Directions for this task: Would you reproduce exactly the lines below from the one holding "Gracias a su" through the one holding "现场氛围充满加州休闲风格。观", inclusive, and no others?

The input:
___

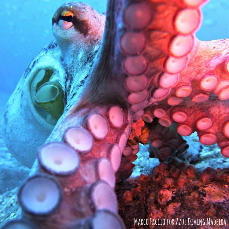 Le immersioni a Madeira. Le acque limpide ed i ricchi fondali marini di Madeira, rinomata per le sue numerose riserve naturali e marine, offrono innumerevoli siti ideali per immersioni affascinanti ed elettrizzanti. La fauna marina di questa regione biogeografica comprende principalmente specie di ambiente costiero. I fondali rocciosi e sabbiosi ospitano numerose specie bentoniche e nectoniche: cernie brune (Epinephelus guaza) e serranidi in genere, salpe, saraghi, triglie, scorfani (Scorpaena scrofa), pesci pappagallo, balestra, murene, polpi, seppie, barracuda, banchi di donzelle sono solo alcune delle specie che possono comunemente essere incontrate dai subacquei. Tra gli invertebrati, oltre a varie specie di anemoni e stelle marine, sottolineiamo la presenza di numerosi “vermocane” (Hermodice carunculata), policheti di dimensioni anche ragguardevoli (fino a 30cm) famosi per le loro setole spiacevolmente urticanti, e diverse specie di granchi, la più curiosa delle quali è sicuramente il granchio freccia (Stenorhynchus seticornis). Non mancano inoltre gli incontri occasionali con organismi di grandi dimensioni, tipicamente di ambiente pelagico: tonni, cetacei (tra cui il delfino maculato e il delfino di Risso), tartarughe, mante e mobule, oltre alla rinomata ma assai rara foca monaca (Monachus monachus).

___

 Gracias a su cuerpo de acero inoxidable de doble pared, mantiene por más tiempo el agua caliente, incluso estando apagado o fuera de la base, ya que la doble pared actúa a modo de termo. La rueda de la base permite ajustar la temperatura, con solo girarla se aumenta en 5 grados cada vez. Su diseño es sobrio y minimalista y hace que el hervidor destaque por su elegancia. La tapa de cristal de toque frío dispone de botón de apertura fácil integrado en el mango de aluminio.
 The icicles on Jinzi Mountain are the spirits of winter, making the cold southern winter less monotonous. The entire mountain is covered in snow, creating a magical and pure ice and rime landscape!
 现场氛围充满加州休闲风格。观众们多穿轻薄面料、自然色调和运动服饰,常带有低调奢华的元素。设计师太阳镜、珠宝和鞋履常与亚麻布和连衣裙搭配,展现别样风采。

___

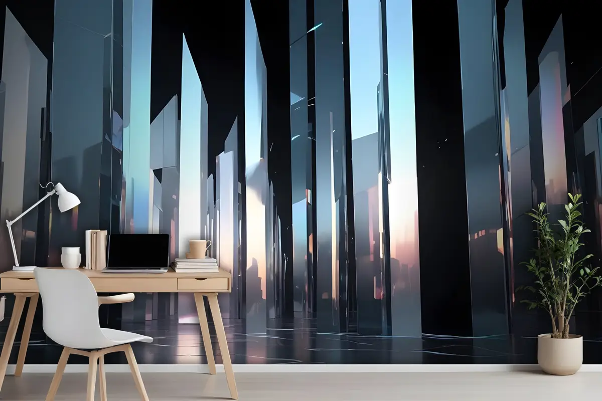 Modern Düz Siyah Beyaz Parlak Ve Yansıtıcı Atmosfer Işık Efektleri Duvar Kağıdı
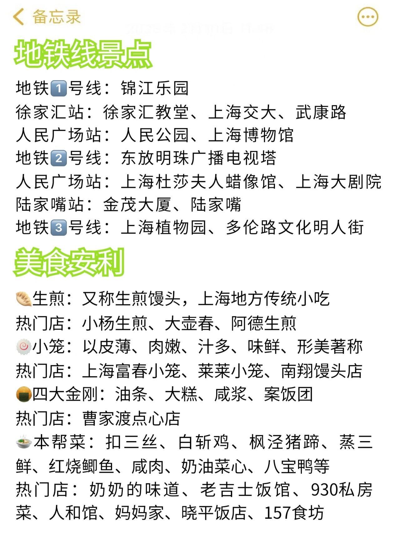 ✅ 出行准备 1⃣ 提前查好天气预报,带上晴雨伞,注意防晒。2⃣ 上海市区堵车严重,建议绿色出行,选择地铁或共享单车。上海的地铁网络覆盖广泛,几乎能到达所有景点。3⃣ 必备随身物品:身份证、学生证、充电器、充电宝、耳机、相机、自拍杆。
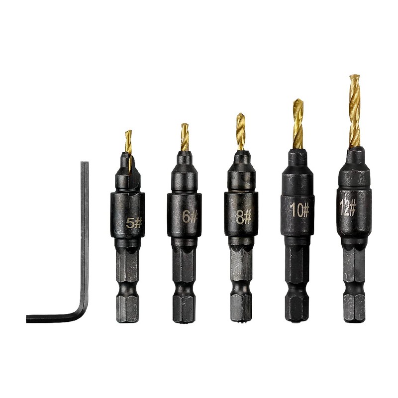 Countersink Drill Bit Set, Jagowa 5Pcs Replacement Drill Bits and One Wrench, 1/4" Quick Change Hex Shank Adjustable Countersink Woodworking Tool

___

Result of the exercise:
 Gracias a su cuerpo de acero inoxidable de doble pared, mantiene por más tiempo el agua caliente, incluso estando apagado o fuera de la base, ya que la doble pared actúa a modo de termo. La rueda de la base permite ajustar la temperatura, con solo girarla se aumenta en 5 grados cada vez. Su diseño es sobrio y minimalista y hace que el hervidor destaque por su elegancia. La tapa de cristal de toque frío dispone de botón de apertura fácil integrado en el mango de aluminio.
 The icicles on Jinzi Mountain are the spirits of winter, making the cold southern winter less monotonous. The entire mountain is covered in snow, creating a magical and pure ice and rime landscape!
 现场氛围充满加州休闲风格。观众们多穿轻薄面料、自然色调和运动服饰,常带有低调奢华的元素。设计师太阳镜、珠宝和鞋履常与亚麻布和连衣裙搭配,展现别样风采。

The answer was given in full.